Track: Data Analytics and Big Data
Abstract
Improvement of machine learning performance is always an important issue in machine learning community. Ensemble learning has been shown to be able to normally improve model performance by combining various algorithms in the model. Most winners of large-scale data science competitions use ensemble learning technique to get high scores. Given available machine learning algorithms, ensemble learning involves two tasks, hypothesis selection and hypothesis combination. Hypothesis selection is about selecting the algorithms that are beneficial to model performance into the ensemble learning model, while hypothesis combination is related to determine the combination coefficients of the algorithms in the model. This work focuses on hypothesis combination problem, and we formulate it into an optimization problem. We propose to use genetic algorithm (GA) to tackle this optimization problem.
The GA is a search heuristic for the purpose of solving optimization problem, which is a part of evolutionary computation. GA is inspired by the theory of natural evolution, which comprises several components, including selection, crossover and mutation. There are five phases involved in a typical GA algorithm: initial population, fitness function, selection, crossover, and mutation. GA begins with an initial population which can be regarded as a set of solutions. Next, a fitness function has to be defined to determine the fitness of each individual. Once the fitness score for each individual is computed, the selection and crossover are used to generate the fitting offspring. For a small amount of new offspring, some of their genes will mutate with a low probability. The whole process will repeat until the population converges.

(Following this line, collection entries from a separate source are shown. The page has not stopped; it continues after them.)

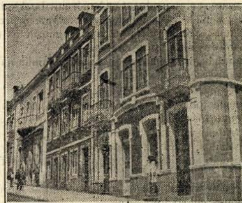
Um trecho da Calçada da Ajuda. No primeiro plano, a leitaria Zenida

Dedica-se também á agricultura, sendo até um dos maiores lavradores destes arredores.
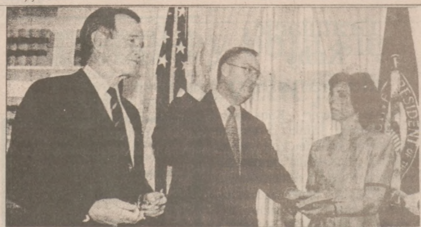
Gubernator Illinois James Thompson został zaprzysiężony w obecności prezydenta Busha na stanowisko "szpiega szpiegów" czyli prezesa Prezydenckiej Rady Kontroli Służ Wywiadowczych. Zadaniem Rady jest wykrywanie nielegalnych operacji agencji wywiadowczych. Gubernator Thompson sprawuje swój urząd w Illinois ostatnią kadencję i zamierzał od przyszłego roku odejść do prywatnej praktyki adwokackiej.

Dzwoniąc na podany wyżej numer można będzie uzyskać pomoc przy wypełnianiu formularzy i kwestionariuszy rozsyłanych przez Biuro Spisu Powszechnego. (ao)
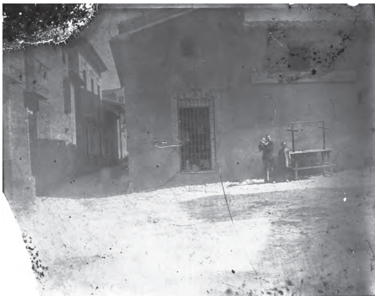
Sede del Sindicato Católico Agrario. 1918. Casa del Cura actual
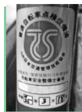
▲ TS マーク

TSマーク取扱店で自転車を購入したときや、点検・整備を受け点検・整備料を払うと、TSマークが貼られます。(有効期限1年)
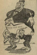
Социал-демократы: Своих дома не теряют... Рисунок Г. Вазюк.
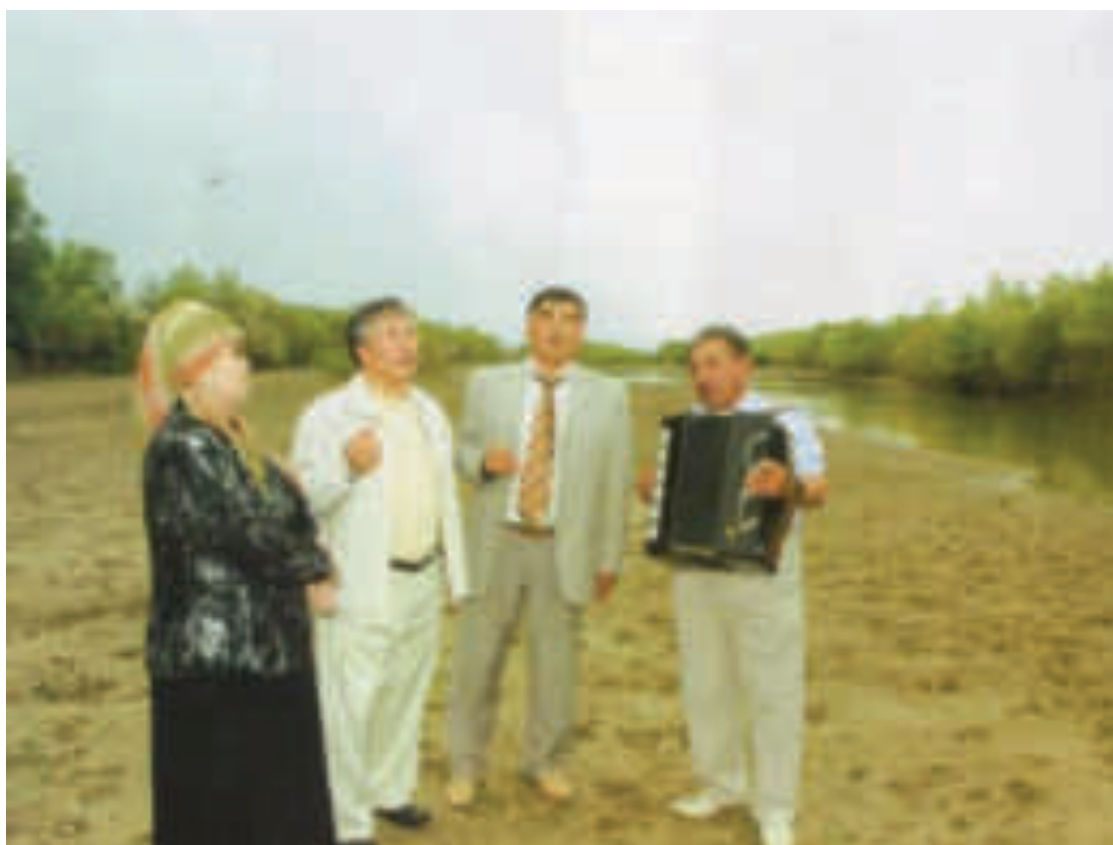
Шәмші әні шырқалғанда...

This work follows GA process to encode the problem, and defines appropriate fitness function according to the characteristics of the problem. We conduct experiments to evaluate the proposed approach in ensemble learning on a multi-class classification dataset, Red Wine Quality. We transform this problem into a binary classification problem, and use ten classification algorithms in the hypothesis pool, including Support Vector Machine, Random Forest, Decision Tree, Gradient Boosting, AdaBoost, Gaussian Naïve Bayes, Logistic Regression, Nu-Support Vector Machine, Stochastic Gradient Descent and Nearest Centroid. To determine the combination coefficients of each model, the continuous encoding of chromosomes is represented as binary chromosomes of approximation, and F1 is used as the fitness function. We use F1 score as the evaluation metric, and compare the proposed method with several alternatives. The experimental results indicate that the proposed method is comparative in determining the combination coefficients of algorithms in the ensemble learning.